- Opening Delimiter -

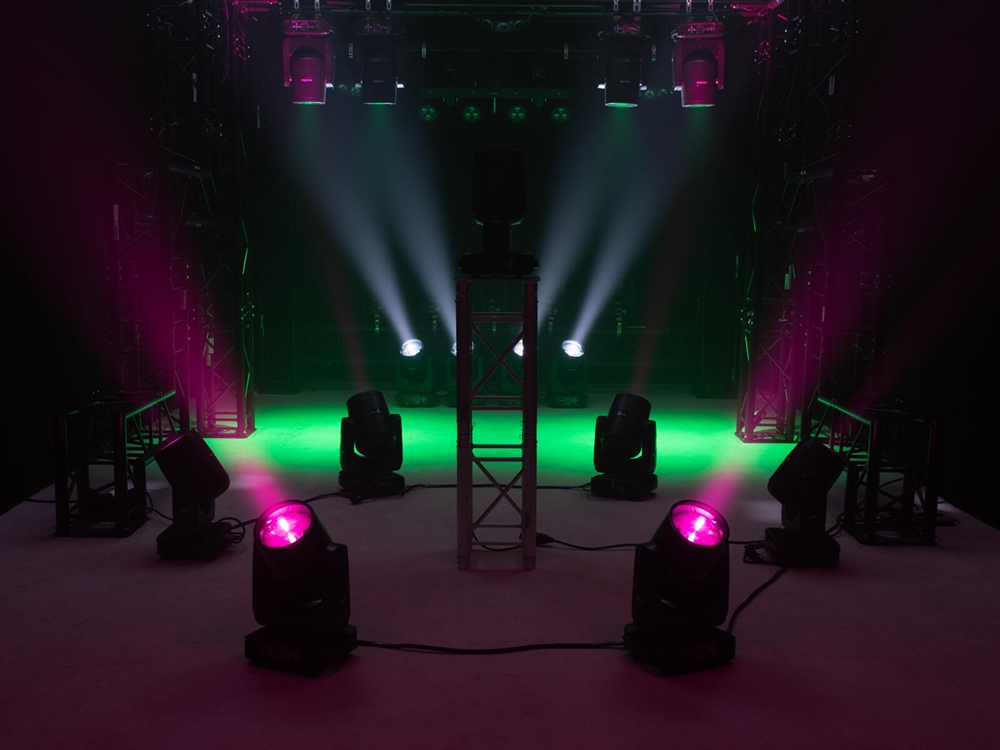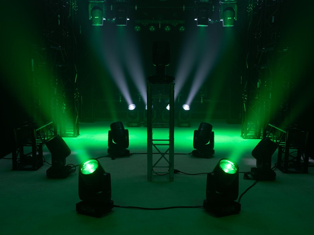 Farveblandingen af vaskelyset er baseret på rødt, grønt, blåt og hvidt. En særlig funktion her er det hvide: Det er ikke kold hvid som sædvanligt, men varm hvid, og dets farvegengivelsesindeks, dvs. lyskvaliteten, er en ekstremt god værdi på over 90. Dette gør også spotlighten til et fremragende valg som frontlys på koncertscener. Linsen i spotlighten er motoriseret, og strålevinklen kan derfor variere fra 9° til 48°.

- Closing Delimiter -
- Opening Delimiter -

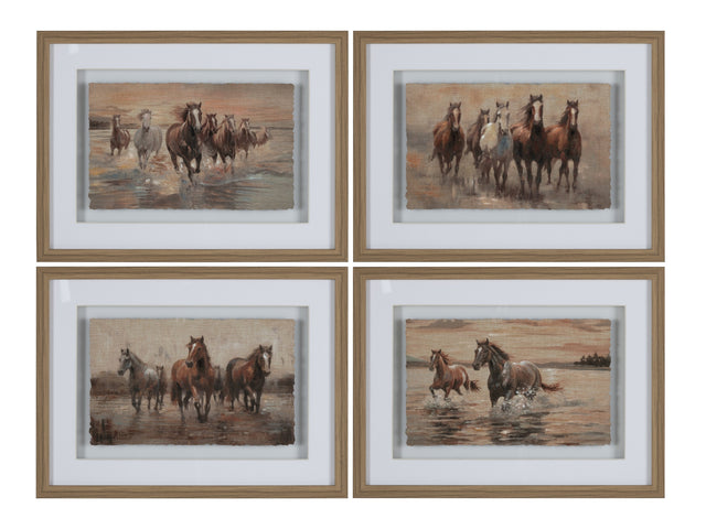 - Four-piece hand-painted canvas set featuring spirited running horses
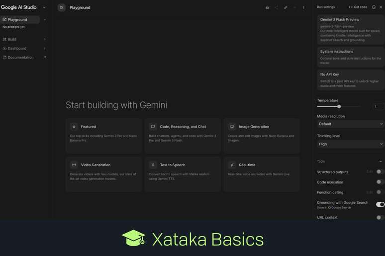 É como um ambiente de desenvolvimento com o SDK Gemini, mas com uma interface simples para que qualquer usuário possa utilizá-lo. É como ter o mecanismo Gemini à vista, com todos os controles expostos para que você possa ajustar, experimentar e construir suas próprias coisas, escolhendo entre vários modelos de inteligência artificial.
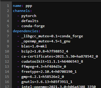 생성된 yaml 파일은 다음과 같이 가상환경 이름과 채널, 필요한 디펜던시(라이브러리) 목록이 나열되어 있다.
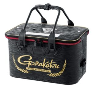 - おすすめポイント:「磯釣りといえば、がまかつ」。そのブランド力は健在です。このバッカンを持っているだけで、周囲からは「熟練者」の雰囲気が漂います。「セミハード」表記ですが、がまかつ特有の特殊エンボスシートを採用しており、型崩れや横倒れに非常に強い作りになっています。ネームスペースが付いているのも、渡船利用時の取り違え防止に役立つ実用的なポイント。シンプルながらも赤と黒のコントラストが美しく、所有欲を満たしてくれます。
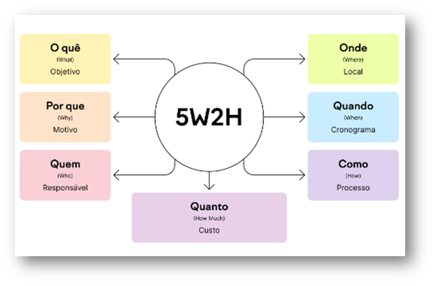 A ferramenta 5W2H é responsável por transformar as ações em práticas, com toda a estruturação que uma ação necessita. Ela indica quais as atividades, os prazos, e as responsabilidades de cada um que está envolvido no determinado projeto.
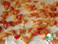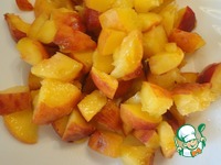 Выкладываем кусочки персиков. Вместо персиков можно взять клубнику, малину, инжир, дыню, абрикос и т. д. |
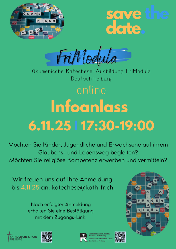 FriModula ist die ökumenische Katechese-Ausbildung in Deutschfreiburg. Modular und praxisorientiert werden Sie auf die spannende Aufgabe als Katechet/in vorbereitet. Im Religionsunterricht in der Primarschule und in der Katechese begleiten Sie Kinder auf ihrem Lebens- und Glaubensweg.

- Closing Delimiter -

Your instructions:
Taking the material above, give again exactly the lines from the one holding "A ferramenta 5W2H" through the one holding "Выкладываем кусочки персиков.", with both ends and without pictures.

Solution for this exercise:
 A ferramenta 5W2H é responsável por transformar as ações em práticas, com toda a estruturação que uma ação necessita. Ela indica quais as atividades, os prazos, e as responsabilidades de cada um que está envolvido no determinado projeto.
 Выкладываем кусочки персиков. Вместо персиков можно взять клубнику, малину, инжир, дыню, абрикос и т. д. |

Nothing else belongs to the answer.